- Born: Porto, Portugal
- Occupation: Actress
- Notable work: Luzinha A Lenda da Garça (The Legend Of The Heron) Cláudia O Bairro da Fonte (Quarter Of The Source) Joana Duarte Morangos com Açúcar (Strawberries With Sugar) Teresa Albuquerque Ninguém Como Tu (Nobody Like You) Mónica Valentim Tempo de Viver (Time To Live)

= Benedita Pereira =

Portuguese actress

Benedita Gonçalves Aires Pereira is a Portuguese actress. She was born in Porto.

She received her training from the Balleteatro Training Centre. She had some periods of training with theater, cinema and television professionals such as Carla Bolito, António Pedro Vasconcelos or Nicolau Breyner.

She made her first appearances in television in A Lenda da Garça (The Legend Of The Heron) (1999) and O Bairro da Fonte (Quarter Of The Fountain) (2002), however it was as the protagonist of the first edition of the youthful series Morangos com Açúcar (2003/04) that she achieved great popularity. She has continued to appear in other soap operas, such as Tempo de Viver (2006) and Ninguém Como Tu (2005).
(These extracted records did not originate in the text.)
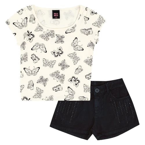 Conforto e leveza para qualquer ocasião do dia a dia. Conjunto composto por blusa ribana com elastano leve na cor off white, possuí gola arredondada e estampa de borboletas por toda peça. Já o short sarja na cor preto possuí bolsos funcionais, fechamento com botão frontal e aplicação de strass deixando a peça ainda mais charmosa.
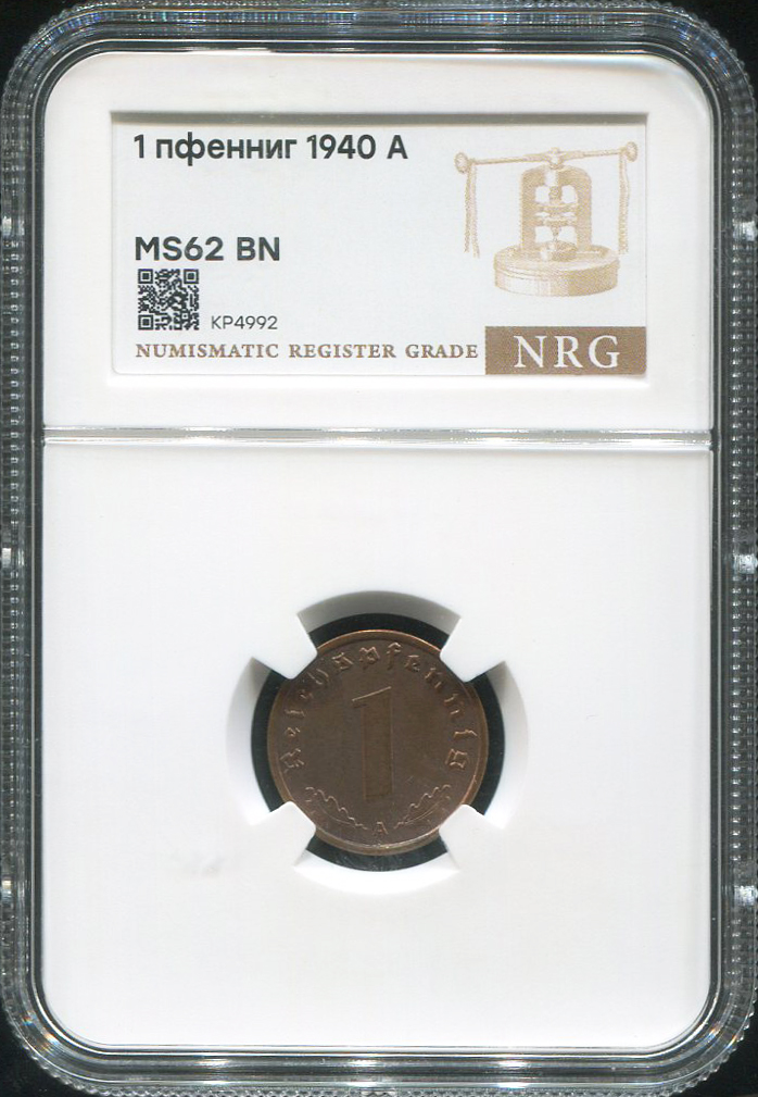 1 пфеннинг 1940 (Германия) (в слабе) А
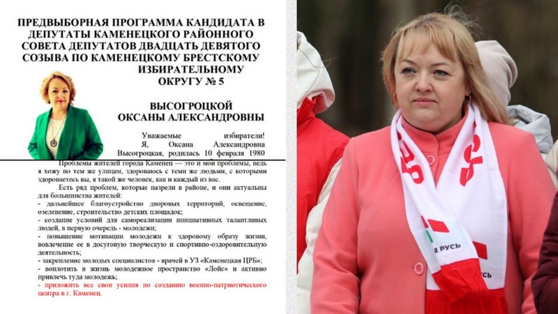 Брестская «Вясна» изучила предвыборные программы кандидатов в депутаты в Каменецком районе на Брестчине. Особое внимание обратила на себя программа Оксаны Высокогроцкой.
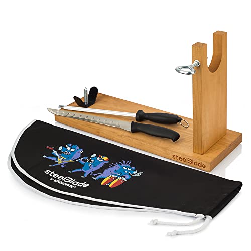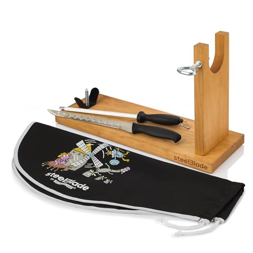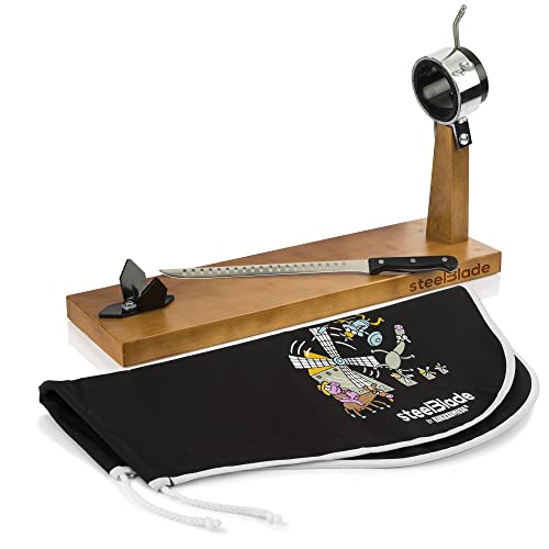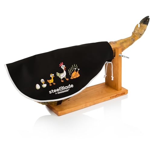 steelBlade - Support à jambon rotatif à 360° en bois laqué + couvre-jambon Kukuxumusu + couteau à jambon 28 cm - Fabriqué en Espagne - 2 positions pour jambon et palettes (011132)
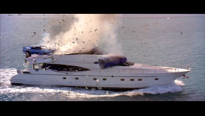 Here they make use of a jump ramp and land on the boat. At a couple points we can see the light house in the background.
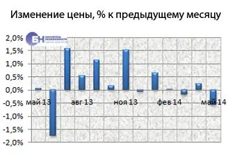 В предложении с разбивкой по типу дома в мае 2014 года, как и в апреле 2014-го, преобладают панельные дома старой постройки, их доля на конец мая составляет 49,2%. Также наибольший объем в структуре предложения занимают кирпичные дома – 37,7% от всего рынка. Меньший процент приходится на квартиры в сталинских домах и домах старого фонда.

Whilst attending the Lee Strasberg Institute in New York City, she lived with close friend and fellow Portuguese actress Daniela Ruah. She also starred as voice-over in the 2012 video game Max Payne 3 as Fabiana Branco, a São Paulo socialite.

Benedita has twice won the TV 7Dias award for Best Actress in a Television series. She has appeared on NBC television series The Blacklist and has starred in several American films.

She was directed by Filipe Crawford in the play Ubardo by Luísa Costa Gomes in Teatro Nacional S. João (1998/99) and by Carlos Fraga in the play 1755 O Grande Terramoto (1755 The Big Earthquake) in Teatro da Trindade (2006).